If \(\overline{\mathrm{a}}, \overline{\mathrm{b}}, \overline{\mathrm{c}}\) are three vectors such that \(|\overline{\mathrm{a}}+\overline{\mathrm{b}}+\overline{\mathrm{c}}|=1\), \(\overline{\mathrm{c}}=\lambda(\overline{\mathrm{a}} \times \overline{\mathrm{b}})\) and \(|\overline{\mathrm{a}}|=\frac{1}{\sqrt{3}},|\overline{\mathrm{b}}|=\frac{1}{\sqrt{2}},|\overline{\mathrm{c}}|=\frac{1}{\sqrt{6}}\), then the angle between \(\bar{a}\) and \(\bar{b}\) is

Let \(\theta\) be the angle between \(\bar{a}\) and \(\bar{b}\).
\(
\begin{aligned}
& \text { Since } \overline{\mathrm{c}}=\lambda(\overline{\mathrm{a}} \times \overline{\mathrm{b}}) \\
& \Rightarrow \overline{\mathrm{c}} \perp \overline{\mathrm{a}}, \overline{\mathrm{c}} \perp \overline{\mathrm{b}} \\
& \Rightarrow \overline{\mathrm{c}} \cdot \overline{\mathrm{a}}=\overline{\mathrm{c}} \cdot \overline{\mathrm{b}}=0
\end{aligned}
\)
Now,
\( |\overline{\mathrm{a}}+\overline{\mathrm{b}}+\overline{\mathrm{c}}|=1 \)
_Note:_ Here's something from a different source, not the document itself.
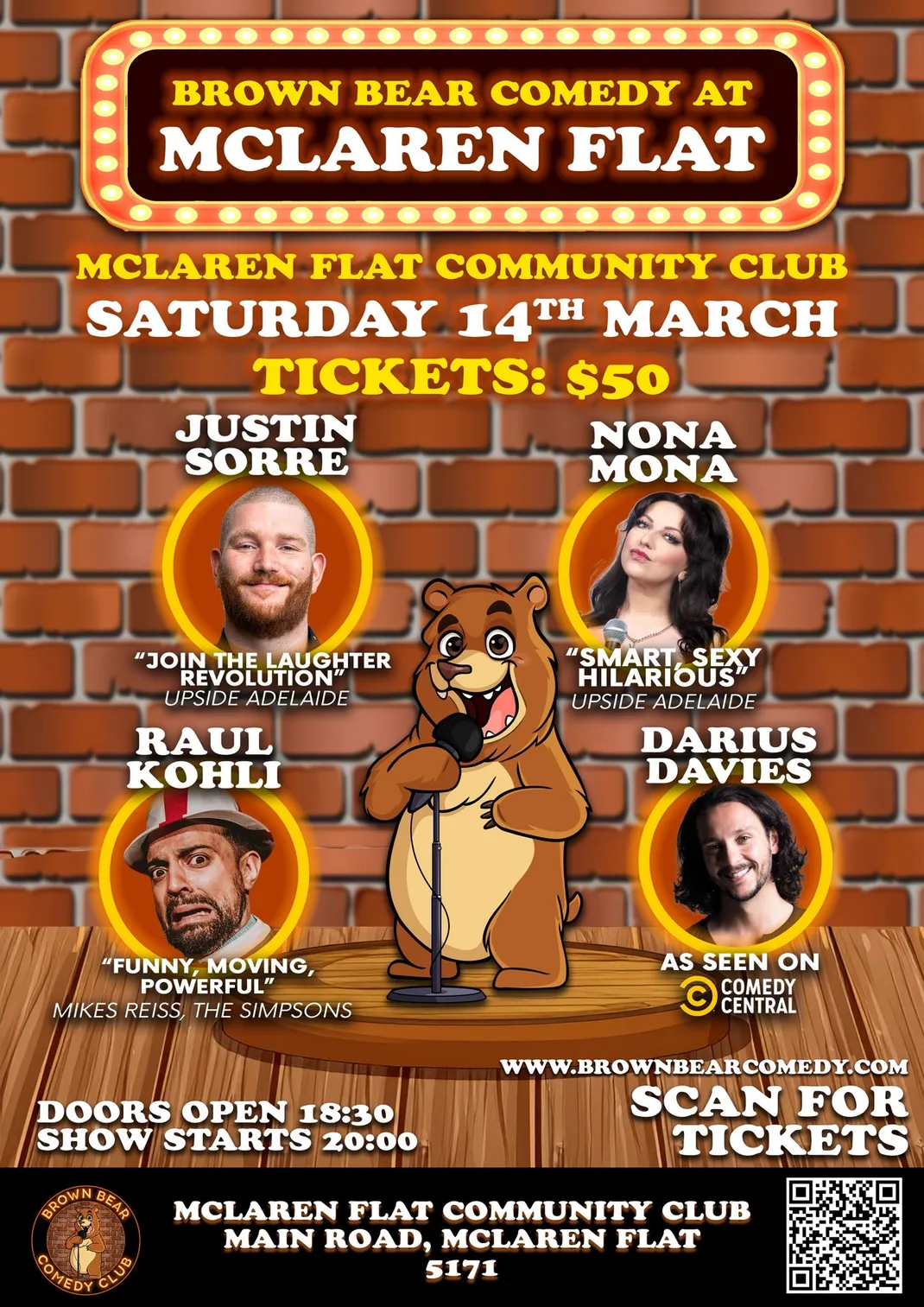 BROWN BEAR COMEDY AT McLaren Flat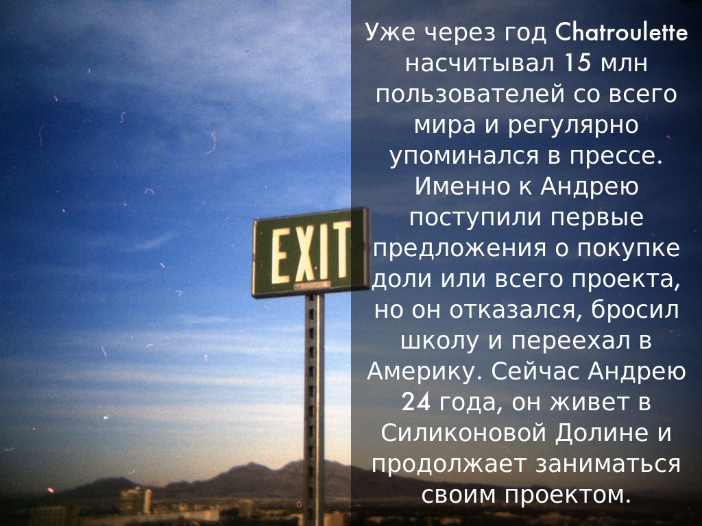 Уже через год Chatroulette насчитывал 15 млн пользователей со всего мира и регулярно упоминался в прессе. Именно к Андрею поступили первые предложения о покупке доли или всего проекта, но он отказался, бросил школу и переехал в Америку. Сейчас Андрею 24 года, он живет в Силиконовой Долине и продолжает заниматься своим проектом.

\( \Rightarrow|\overline{\mathrm{a}}+\overline{\mathrm{b}}+\overline{\mathrm{c}}|^2=1 \)
\( \Rightarrow|\overline{\mathrm{a}}|^2+|\overline{\mathrm{b}}|^2+|\overline{\mathrm{c}}|^2+2(\overline{\mathrm{a}} \cdot \overline{\mathrm{b}}+\overline{\mathrm{b}}\) \(\cdot \overline{\mathrm{c}}+\overline{\mathrm{c}} \cdot \overline{\mathrm{a}})=1 \)
\( \Rightarrow \frac{1}{3}+\frac{1}{2}+\frac{1}{6}+2\{|\overline{\mathrm{a}}||\overline{\mathrm{b}}| \cos \theta\}=1 \)
\( \Rightarrow \cos \theta=0 \)
\( \Rightarrow \theta=\frac{\pi}{2}\)